The scientific team of the Sternberg Astronomical Institute of Moscow State University supported by the Moscow-based company Optics is conducting a project aimed at detecting and measuring optical transients (also called optical bursts), which are sudden appearances of emissions in a night sky. Their origins vary, but those more commonly studied are related to optical emissions from Gamma-Ray Bursts (GRB), powerful explosions that occur at the very edge of the Universe.
The Sternberg Institute's system contains two 11 Megapixel Prosilica GE4000 cameras, each fitted with a fast f/1.4 50mm prime Nikkor lens for optimal image capture in low-light conditions. The total sky coverage of the system is 2,000 square degrees.
Once a GRB is detected, the system is pointed to the specific sky area and continuous image acquisition is started. Exposure is set to five seconds to optimise the detection of the bursts, and 5,000-9,000 frames per observation-night are captured by each camera.

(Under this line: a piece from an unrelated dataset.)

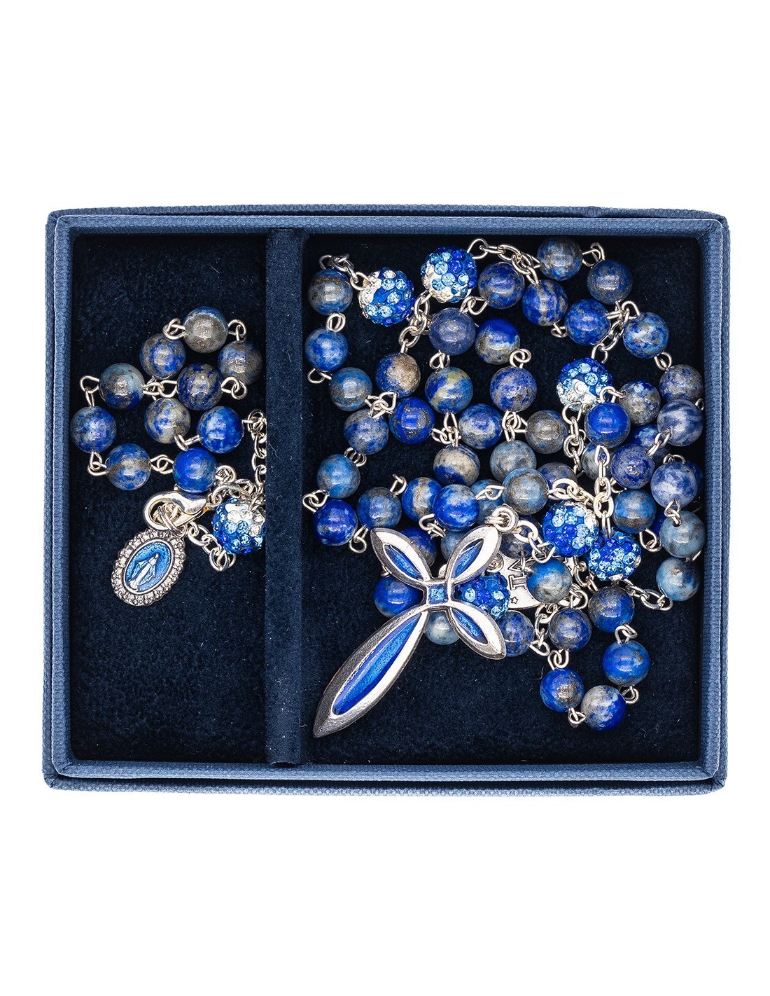 This elegant rosary and bracelet set features lapis lazuli beads, accented with sparkling crystal Our Father beads and a modern blue enamel crucifix.
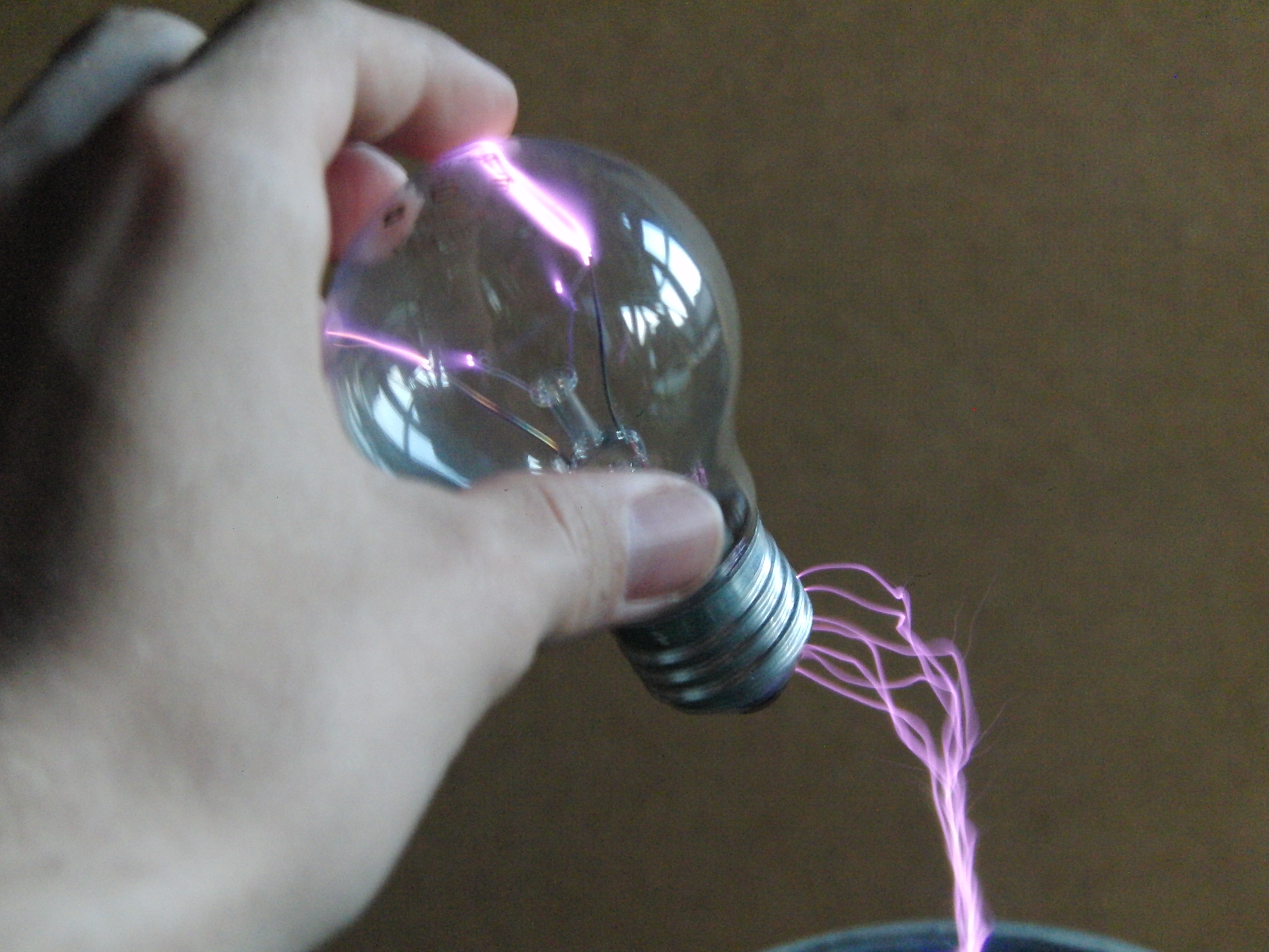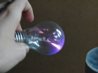 Nach obenHält man eine klare Glühbirne in die Nähe eines Teslatrafos gibt es in der Glühbirne Entladungen wie in einer Plasmakugel. Diese sind auch gerne etwas stärker als die aus dem Topload - weil in dem Unterdruck der Glühbirne die Feldemission ein leichteres Spiel hat ;)

The camera-dedicated computers acquire and store the images, make the object detection and measurements, convert their coordinates and send a list of all detected objects to the central server. The latter then analyses the data using particular coincidence criteria, stellar databases and various catalogues to reveal the probable nature of detected events.
A total of three systems were set-up by the Sternberg Institute: two near Kislovodsk in the Northern Caucasus at the Pulkovo observatory, site of the new 2.5m aperture telescope, and one in Irkutsk, Siberia.
The success of the faint signal detection is driven by the signal-to-noise ratio of the CCD, and the readout noise of the GE4000 is very low. In addition, it is essential for hot pixels not to be mixed with stellar images in the detection software. The position of hot pixels across the CCD and their strength was sufficiently stable to produce a map, which is then used for masking the images before source detection.